W odpowiedzi barbarzyńca sięgnął po flaszkę wina. Kapłan posiniał na twarzy.
– Nie rozumiesz, prostaku?! – wrzasnął wysokim głosem trzebieńca. – To nie twój rodzinny chlew! To Traganka, siedziba Fei Flisyon! I albo do niej pójdziesz, albo zaraz każę cię naszpikować strzałami!
Prawdę na straganach gadali, pomyślał Twardokęsek, że kapłani pod świątynią niewolników trzymają, dobrze wyćwiczonych w rzeźnickim rzemiośle.
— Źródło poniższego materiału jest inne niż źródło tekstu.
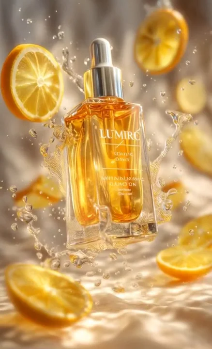 Hyper-realistic luxury skincare product photography of a premium golden Vitamin C facial oil serum in an elegant faceted glass dropper bottle, labeled "LUMIRÓ ÉLIXIR VITAMIN C" with sleek metallic silver cap and pipette, glowing warm amber-orange liquid inside, dramatically centered. A beautiful Western woman with radiant, glowing skin, long flowing hair, wearing a soft white silk robe, elegantly interacting with the product (holding the dropper or admiring the serum) positioned naturally beside the bottle. Surrounded by fresh juicy lemon slices exploding in dynamic motion, vibrant yellow citrus splashing vigorously with flying juice droplets, water splashes and ripples in high-speed freeze-frame effect. Bright radiant golden lighting, cinematic volumetric god rays, sparkling highlights and bokeh, ultra-detailed glass reflections, refreshing and luxurious beauty advertisement aesthetic, professional studio shot, macro lens details, 8k resolution, photorealistic, vibrant citrus tones, high contrast, dramatic liquid dynamics --ar 3:4 --stylize 250 --v 6 --q 2

I jak się który dri deoneme za bardzo rozbestwi, to mu cichaczem łeb ścinają. Nie, pójść to on do Zaraźnicy niechybnie pójdzie, nie dopuściliby kapłani, by jej podobną zniewagę uczynił. Inna rzecz, czy potem za ową hardość czegoś mu kapłani do jadła nie dosypią.
– Nie uraduje mój widok waszej pani – rzekł na koniec barbarzyńca i powoli odsunął zawój.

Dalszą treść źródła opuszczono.